What Are Roth IRAs?
There are advantages to having a Roth IRA. What are they?
We’ve talked about IRAs quite a bit, lets have a look at the advantages of a Roth IRA.
Well, maybe it’s better just to have a quick look at what a Roth IRA is, then have a look at the advantages.
IRAs, or Individual Retirement Accounts, were started by our government in 1974. In 1981 they were given tax advantaged status to encourage people to plan for their retirement without having their retirement funds chipped away bit by bit by taxes. So the money contributed to the IRA is tax deductible, and tax is only paid on income when the money is taken out of the trust for retirement. Capital gains are also taxed as income.
It’s a way to encourage people to provide money for their own retirement by means of offering tax incentives so that the government has less to pay in retirement pensions in the future.
Roth IRAs were created in 1998 and named after their sponsor Senator William Roth. There are a number of similarities and differences between Roth IRAs and traditional IRAs, and some advantages of a Roth IRA compared to a traditional IRA.
The big difference between a Roth and a traditional IRA is the way it is taxed. You can invest in your Roth Individual Retirement Account using after tax money. Ie money that has already been taxed, (subject of course to your contribution limit). And there is no income tax deduction when you contribute to your Roth retirement plan.
Why would you invest with after tax money rather than getting a deduction from your income tax when you invest? Good question, and the answer tells you one of the main Roth IRA advantages.
Because there is no more tax to pay on moneys earned by, or taken out of, your Roth IRA. Once you have paid tax and contributed to your Roth IRA that money stays tax free forever. Even to your descendents who may inherit.

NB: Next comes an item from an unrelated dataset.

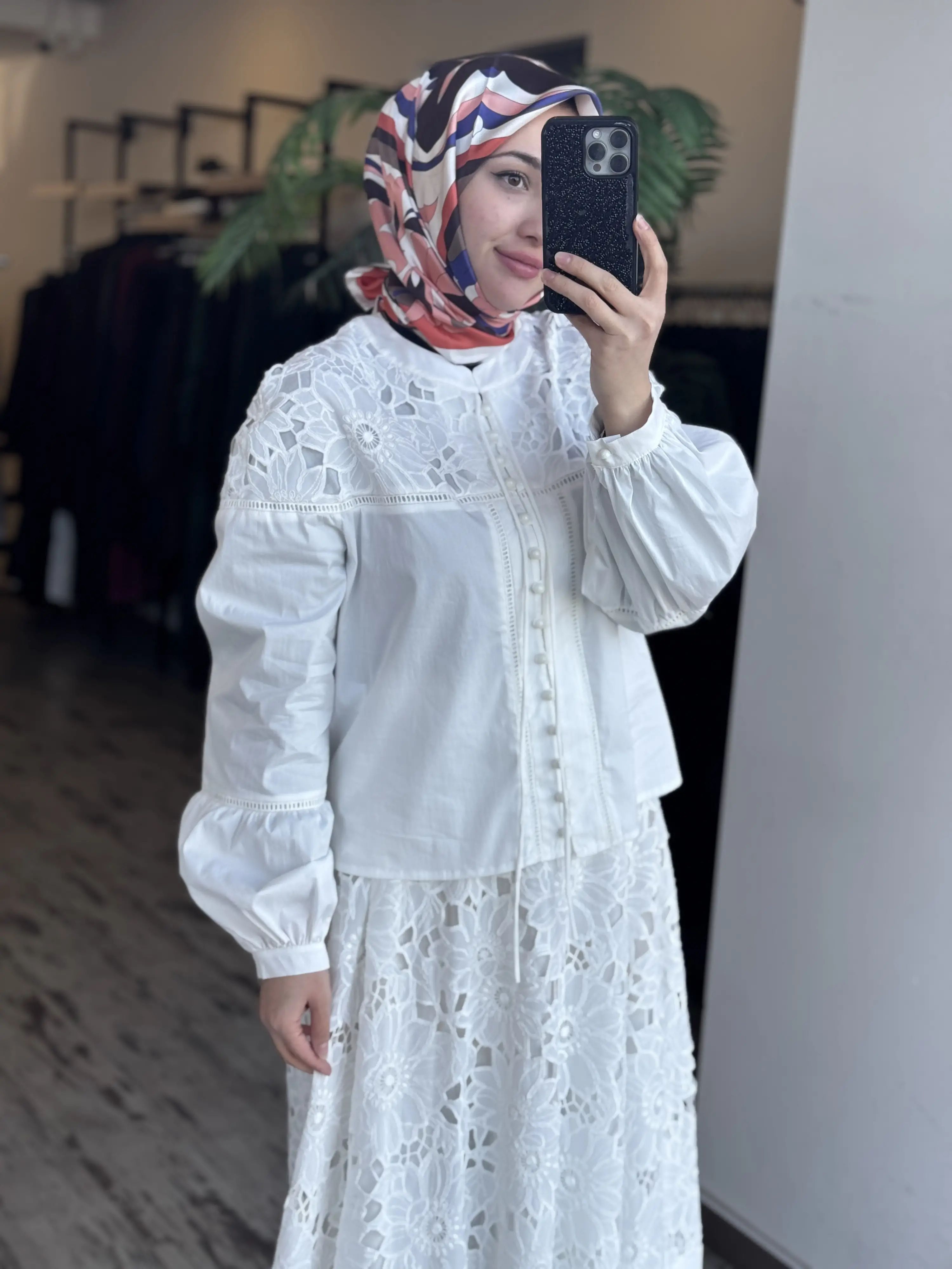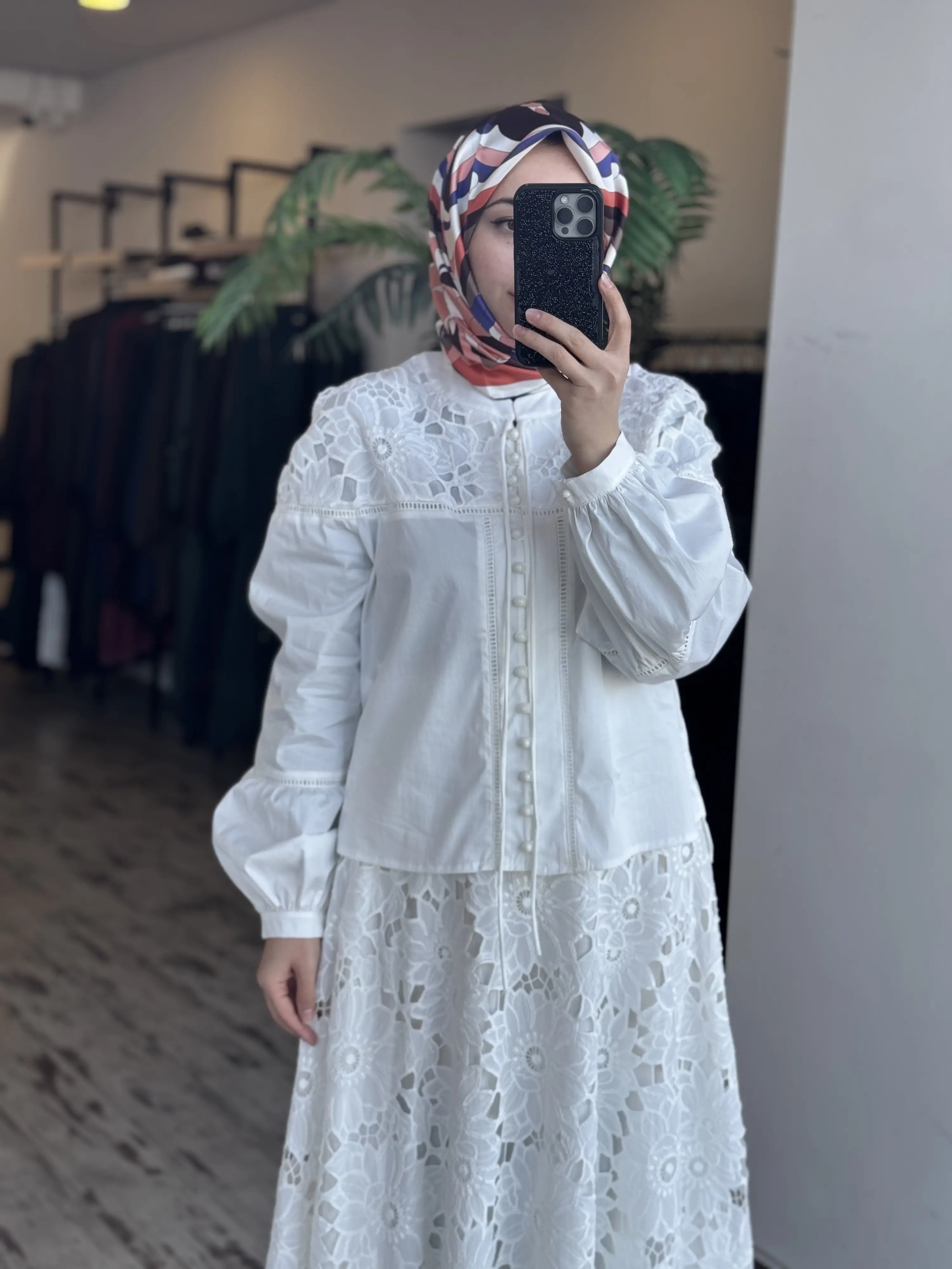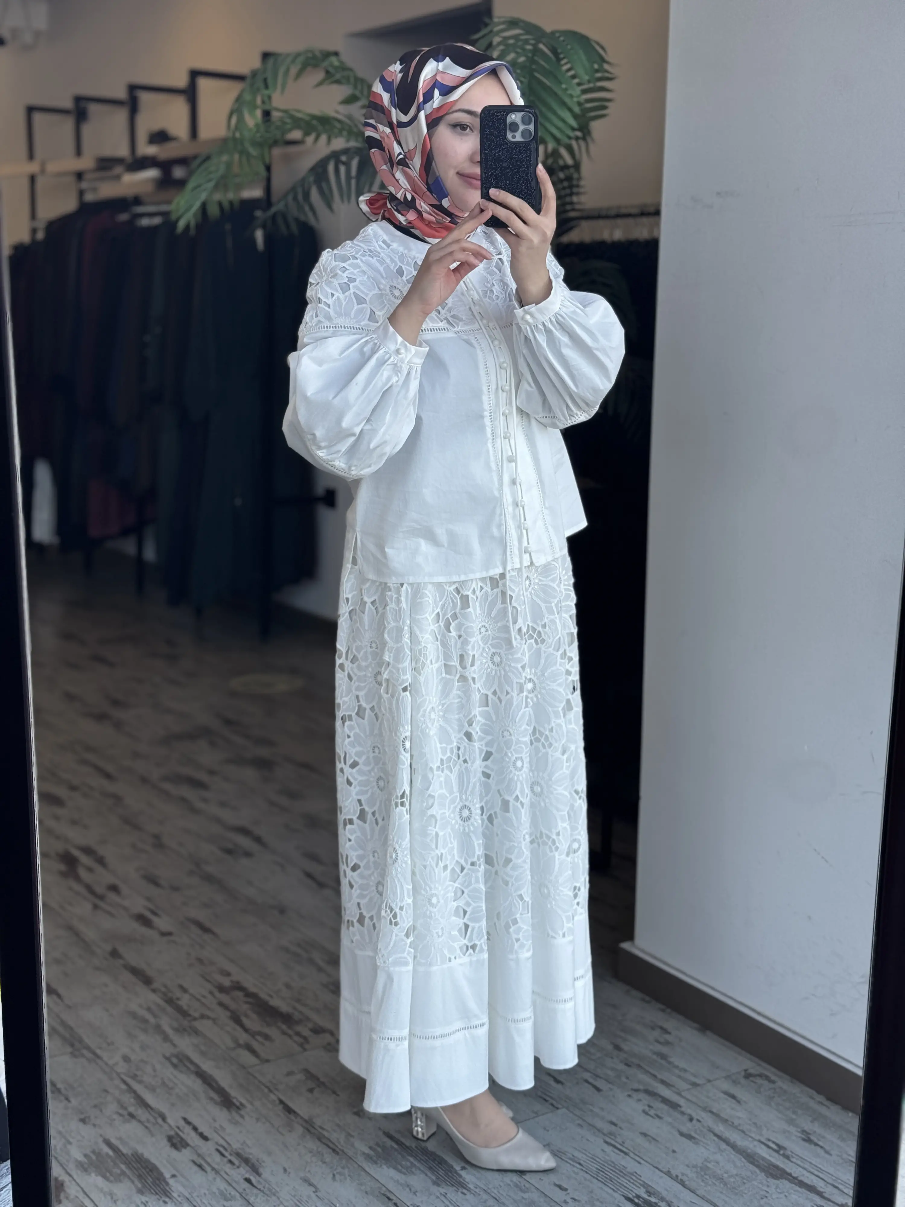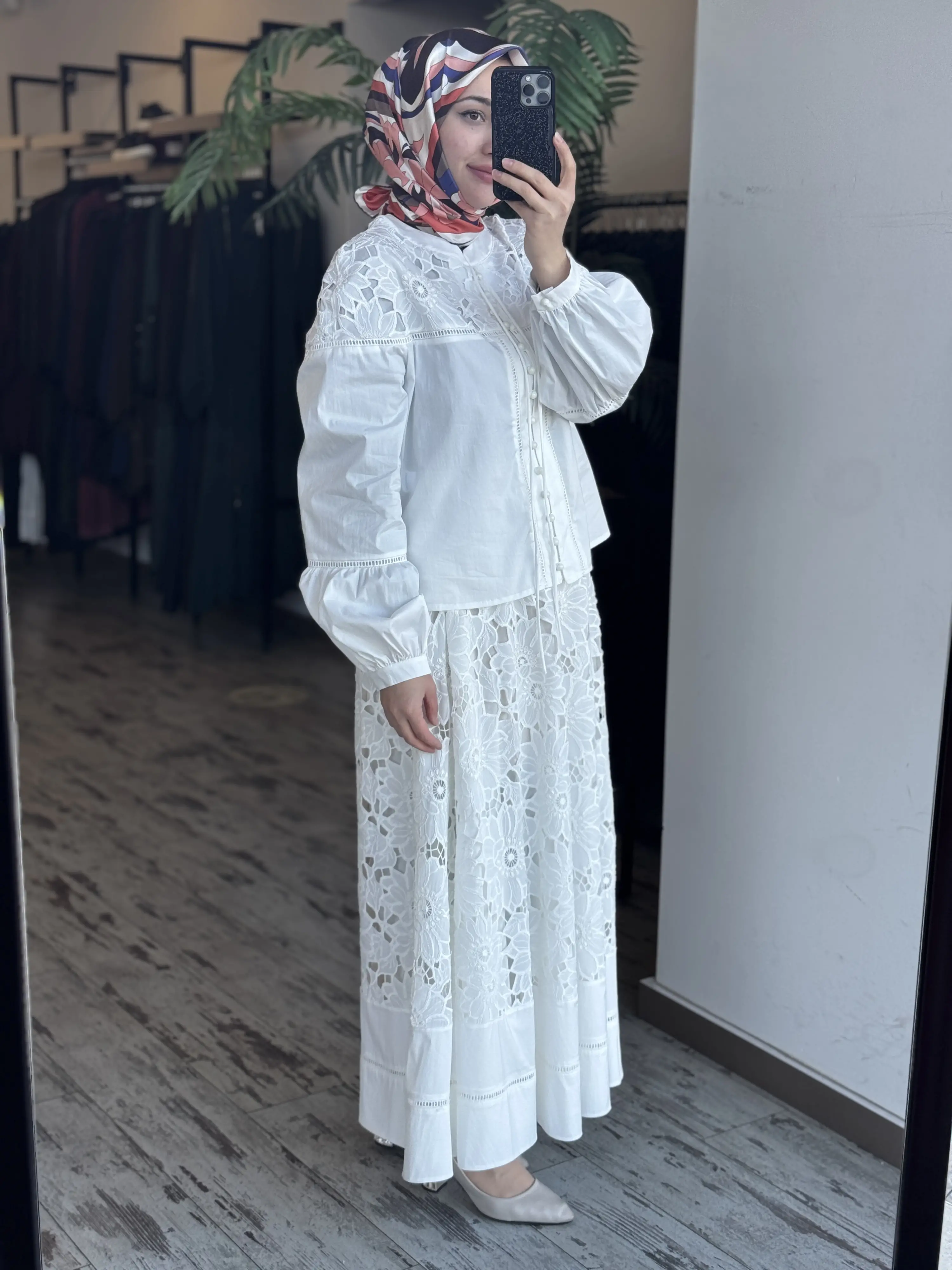Clande Britli Güpür Detaylı Gömlek Etek Takım

So you pay tax on a smaller amount at the start, and get to keep a larger amount on retirement, tax free. It works to your advantage in the long term provided you invest well during the life of your Roth IRA. If you invest unwisely, and make a poor return, the tax free status of a Roth IRA is not as much of an advantage compared to where you invest well and make substantial returns.
There are, of course, specific Roth IRA rules, and we won’t go into all the details of the rules here, if you want to find out there are Roth IRA websites and Roth online guides, or the IRS website, which will fill you in on the details of contribution limits, minimum distributions, filing, adjusted gross income and more. It gets a little complicated but you don’t need to know all the details.
When you set up a Roth IRA you need to choose a custodian. A custodian is a trustee who holds the funds according to Roth IRA rules and IRS rules. Most people choose a traditional custodian like a bank, or broker, or insurance company. These custodians limit the range of investments that the investor can invest in, and often direct funds into their own products, for example their own mutual funds.
This usually results in less than spectacular returns to the investor, although of course the custodian is happy.
However it’s perfectly possible to set up your own self directed Roth IRA, or self managed Roth IRA. The advantages of a Roth IRA which is self directed are many. The investor can direct where they want the funds invested, and usually choose from a much wider range of investment vehicles.
If you’re setting up a Roth IRA make sure you set it up so that you can invest your Roth IRA in real estate. That’s the single best IRA investment you can make, even now.
And if you have a Roth IRA now held with a traditional custodian, and would like to rollover into a self directed IRA, and invest your retirement funds in real estate, then you can do so.
So as you can see there are significant advantages of a Roth IRA, provided you invest well and make significant returns. The best way to make significant returns is to invest your Roth funds in real estate. It’s the safest and most profitable long term investment vehicle.